My wife found this tortoise today in the road in San Antonio. What Kind is it?


----------



## SweetGreekTorts (Sep 12, 2019)

Looks like a young desert tortoise. They are a native, and protected species. It is illegal to remove them from the wild. I recommend returning it to the area it was found, or contacting Game & Fish and letting them take it.


----------



## Chubbs the tegu (Sep 12, 2019)

Agree


----------



## Cathie G (Sep 12, 2019)

Jrob said:


> My wife found this tortoise today in the road in San Antonio. What Kind is it?


Since your wife found it on the road she really did the right thing. Maybe now she taught the tortoise a crucial lesson in life. Roads aren't fun. Release the darling real close to the spot you found it facing home into weeds and stuff. He/she might think twice next time.


----------



## Relic (Sep 12, 2019)

Texas Tortoise (gopherus berlanderi), which is native to San Antonio. From the Texas Parks & Wildlife web page: "A low reproductive rate, historic heavy exploitation by pet suppliers, and other factors have led to a severe population decline of the species.
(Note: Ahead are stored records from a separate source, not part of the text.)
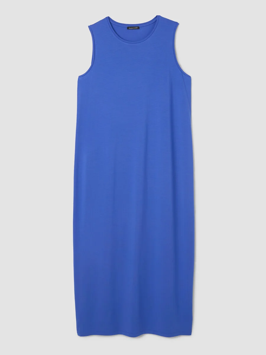 Polish with ease. A simple tank dress with a round neck and long, flattering lines. In our body-skimming jersey knit that dresses up or down. Style No. S6TFF-D5320 DESIGN - An easy fit that's slightly tapered at the hem. - Ravyanshi is 5'8" and wears a size S in Blue Star, which measures 50 inches on the body. Size PS measures 47 inches on the body. Size 1X measures 51 1/2 inches on the body. - Round neck, sleeveless. - Style No. S6TFF-D5320 FABRIC - Fluid and polished. A medium-weight jersey that moves effortlessly from day to night. - Machine wash cold. Line dry. - Made in Vietnam. 92% Tencel™ Lyocell/8% Elastane. SUSTAINABILITY - Tencel™ Lyocell fiber is made from responsibly harvested trees.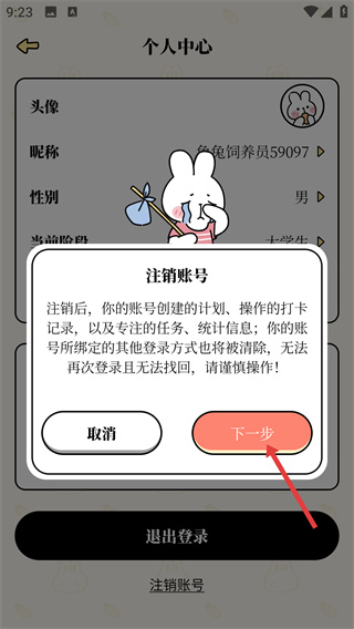 3、在注銷賬號的提示彈窗中,閱讀注銷相關(guān)后果后點擊【下一步】按鈕,進入更詳細的注銷確認環(huán)節(jié)。
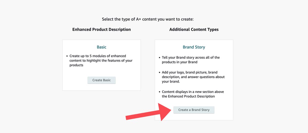 You will have two (maybe three) options, “Create Basic” or “Create a Brand Story.” Click “Create a Brand Story.”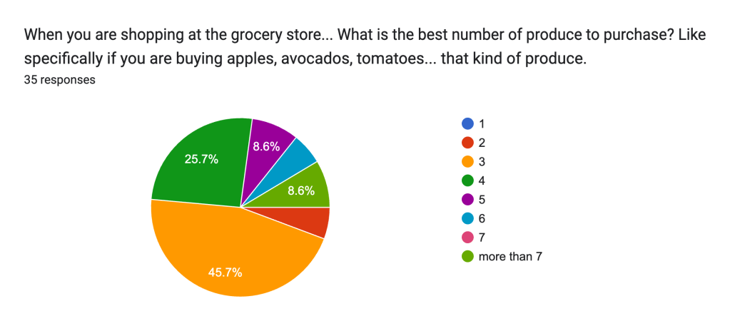 Looks like no one buys just 1 avocado! The 2 and 6 slice both had 2 responses and 5 and more than 7 were 3 responses. It looks like most people buy 3 avocados at nearly 46%. Mind blowing 🤯🤯!

This has resulted in its being listed in 1977 as a protected nongame (threatened) species, thus affording protection from being taken, possessed, transported, exported, sold, or offered for sale."


----------



## Jrob (Sep 12, 2019)

Thanks for all your help. Tortoise has been released near where caught. I watched him and heading away from road. Hopefully lives a long life and sees no more cars or people


----------



## Jrob (Sep 12, 2019)

I have a Russian and Redfoot and my wife thought it was a Russian. I looked at box turtles and texas tortoise online and wanted to make sure. Thanks again everyone.


----------



## Blackdog1714 (Sep 12, 2019)

You did a good deed!


----------



## Yvonne G (Sep 13, 2019)

That's great that you released the tortoise near where it was found! Thank you!!!


----------



## Jrob (Sep 13, 2019)

I was in the area today and did a quick drive by and did not see tortoise. Put him in about 40-50 yards from road and made sure heading opposite way. 

Glad i was able to help the tortoise


----------